Despite the best efforts of locals, 79 people died, including 58 children in what became known as the Great Yarmouth Suspension Bridge Disaster.
Drowned in seven-foot-deep water, those that survived the disaster were tended to by people who lived nearby in their houses or at the nearby Vauxhall Gardens.
When it became clear there was no one else to save, rescuers turned their attention to bringing bodies out of the water so their families could claim them for burial.
Laid out at the Norwich Arms Inn, The Admiral Collingwood and Swan public houses, the dead were laid out – the oldest and youngest victims were both Mary Anns – little Mary Ann Lake, aged two, and Mary Ann Ditcham, aged 64.
The Norwich Mercury described the aftermath of the event: “In every street are to be seen one or more bodies extended on biers, returning to that home from which but short minutes before they had passed in health and life.
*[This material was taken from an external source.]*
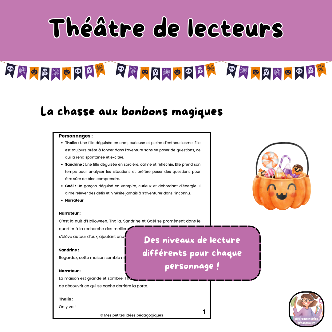 Ce théâtre de lecteurs permet aux élèves de 2e cycle de participer activement à la lecture, en alternant les rôles entre les personnages. C’est un contexte concret et ludique pour travailler la fluidité en lecture. Le document peut être utilisé avec des élèves de niveaux scolaires variés selon leur habileté en lecture et en fonction de l’intention pédagogique recherchée. Ce matériel peut donc être utilisé dans divers contextes (classe, orthopédagogie). Vous trouverez une histoire sous le thème l’Halloween et comprenant trois personnages ainsi qu’un narrateur.

“The consternation, the agony of the town is not to be described – it is as if some dread punishment was felt to have fallen upon its inhabitants – every face is horror stricken, every eye is dim.”
And what of Nelson? How can you go on to make people laugh after being so close to such tragedy? He kept performing, including in Yarmouth and even repeated his river stunt, time and time again. There’s no business like show business.
A memorial to the events of May 2, 1845 stands on the banks of the river close to where the tragic collapse occurred. Installed in 2013, a large stone book depicts the disaster through three images, a young family, the collapse, and Nelson with his four geese.
It lists the names and ages of the victims. Many of their graves are close by, in St Nicholas’ church’s graveyard: little George Beloe’s grave includes a carving of the disaster as it happened – he was just nine when he drowned.